Aim of the exercise =
Without copying any picture, transcribe exactly the lines of the data below from the one containing "Food & DrinkChocolate/Cookies, Bottle" through the one containing "图8 哈佛医学院已将生成式AI纳入课程和临床实践(图源:哈佛医学院官网)".

Extracted data START

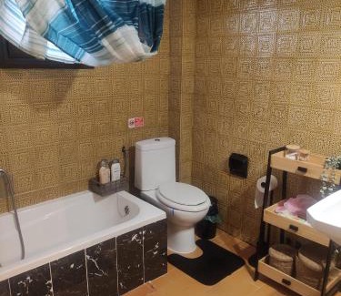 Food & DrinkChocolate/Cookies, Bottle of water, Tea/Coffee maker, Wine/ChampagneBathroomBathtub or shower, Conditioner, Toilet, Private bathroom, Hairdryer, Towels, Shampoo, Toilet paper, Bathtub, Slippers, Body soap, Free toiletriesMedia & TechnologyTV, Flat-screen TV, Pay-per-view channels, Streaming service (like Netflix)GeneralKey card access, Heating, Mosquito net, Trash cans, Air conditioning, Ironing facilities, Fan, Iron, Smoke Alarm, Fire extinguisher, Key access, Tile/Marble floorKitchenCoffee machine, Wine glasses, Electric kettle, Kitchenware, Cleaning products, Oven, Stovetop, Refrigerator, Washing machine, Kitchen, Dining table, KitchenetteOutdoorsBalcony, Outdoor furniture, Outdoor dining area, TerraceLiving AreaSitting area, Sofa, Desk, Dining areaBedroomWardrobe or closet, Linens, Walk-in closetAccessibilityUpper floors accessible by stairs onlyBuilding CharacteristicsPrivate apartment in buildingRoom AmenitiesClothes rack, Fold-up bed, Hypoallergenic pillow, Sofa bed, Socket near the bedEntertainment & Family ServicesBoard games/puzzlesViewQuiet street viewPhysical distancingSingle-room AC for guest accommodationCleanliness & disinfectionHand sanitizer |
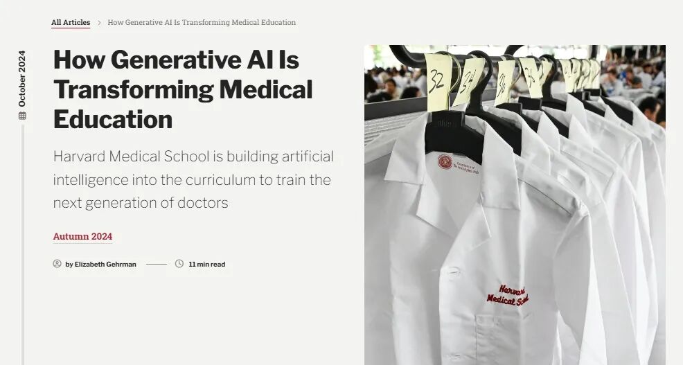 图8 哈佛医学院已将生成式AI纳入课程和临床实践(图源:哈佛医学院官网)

Extracted data END
Extracted data START

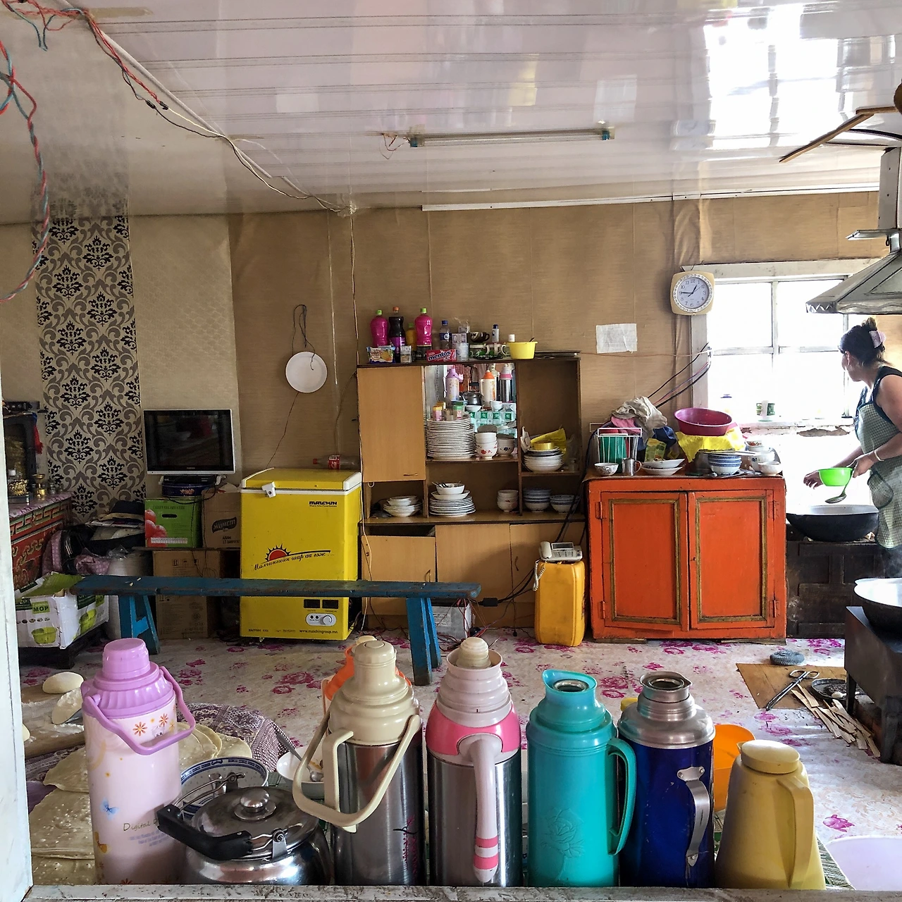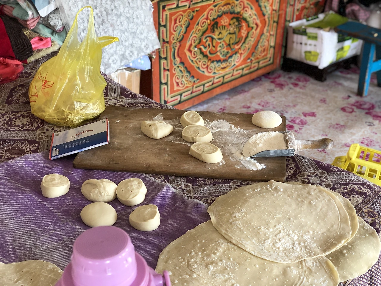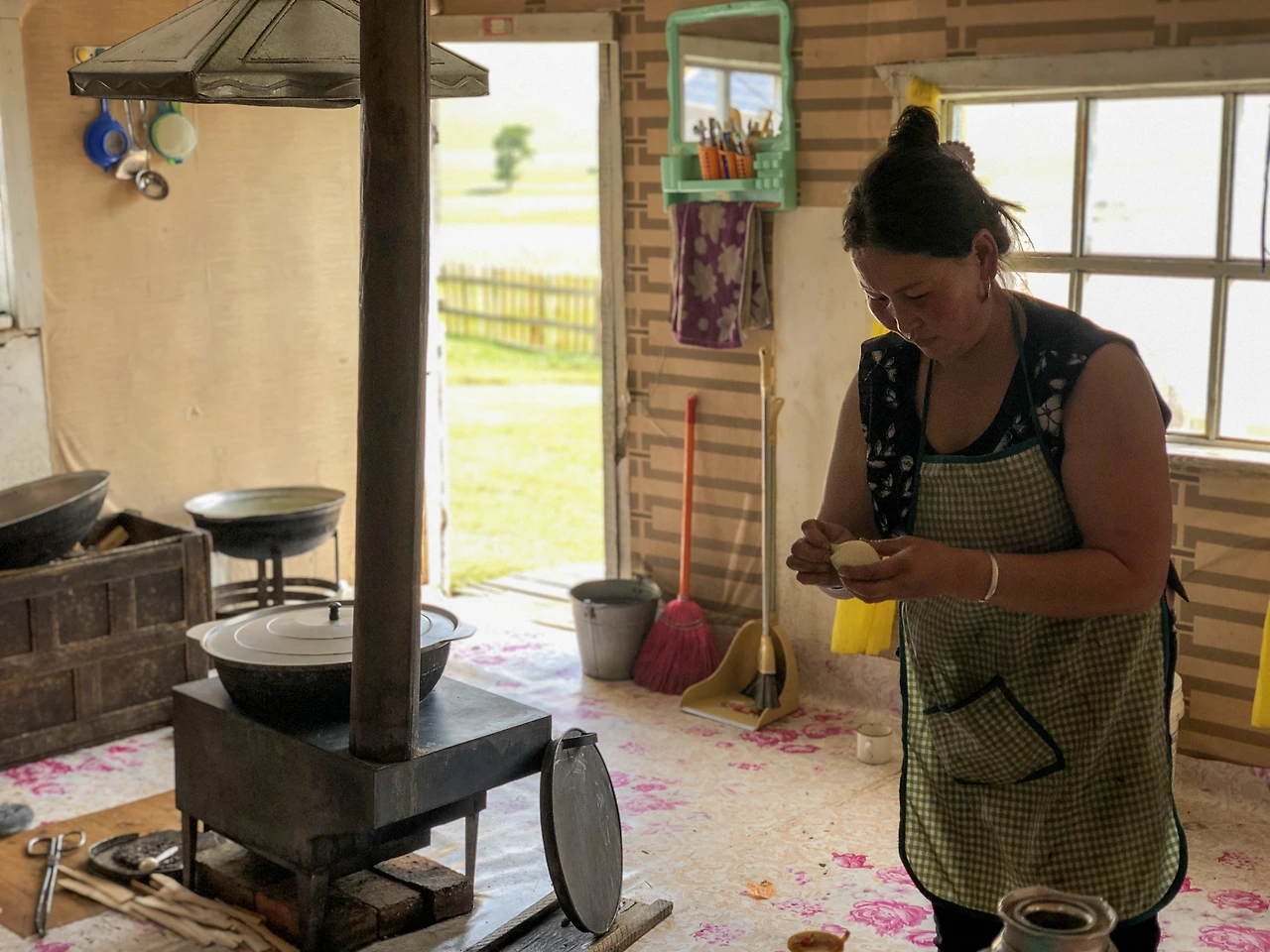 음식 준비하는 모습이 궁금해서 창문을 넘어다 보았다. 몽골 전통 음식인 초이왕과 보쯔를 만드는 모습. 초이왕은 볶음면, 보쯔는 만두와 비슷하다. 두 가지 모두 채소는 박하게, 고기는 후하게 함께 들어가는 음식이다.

Extracted data END

Solution for this exercise =
 Food & DrinkChocolate/Cookies, Bottle of water, Tea/Coffee maker, Wine/ChampagneBathroomBathtub or shower, Conditioner, Toilet, Private bathroom, Hairdryer, Towels, Shampoo, Toilet paper, Bathtub, Slippers, Body soap, Free toiletriesMedia & TechnologyTV, Flat-screen TV, Pay-per-view channels, Streaming service (like Netflix)GeneralKey card access, Heating, Mosquito net, Trash cans, Air conditioning, Ironing facilities, Fan, Iron, Smoke Alarm, Fire extinguisher, Key access, Tile/Marble floorKitchenCoffee machine, Wine glasses, Electric kettle, Kitchenware, Cleaning products, Oven, Stovetop, Refrigerator, Washing machine, Kitchen, Dining table, KitchenetteOutdoorsBalcony, Outdoor furniture, Outdoor dining area, TerraceLiving AreaSitting area, Sofa, Desk, Dining areaBedroomWardrobe or closet, Linens, Walk-in closetAccessibilityUpper floors accessible by stairs onlyBuilding CharacteristicsPrivate apartment in buildingRoom AmenitiesClothes rack, Fold-up bed, Hypoallergenic pillow, Sofa bed, Socket near the bedEntertainment & Family ServicesBoard games/puzzlesViewQuiet street viewPhysical distancingSingle-room AC for guest accommodationCleanliness & disinfectionHand sanitizer |
 图8 哈佛医学院已将生成式AI纳入课程和临床实践(图源:哈佛医学院官网)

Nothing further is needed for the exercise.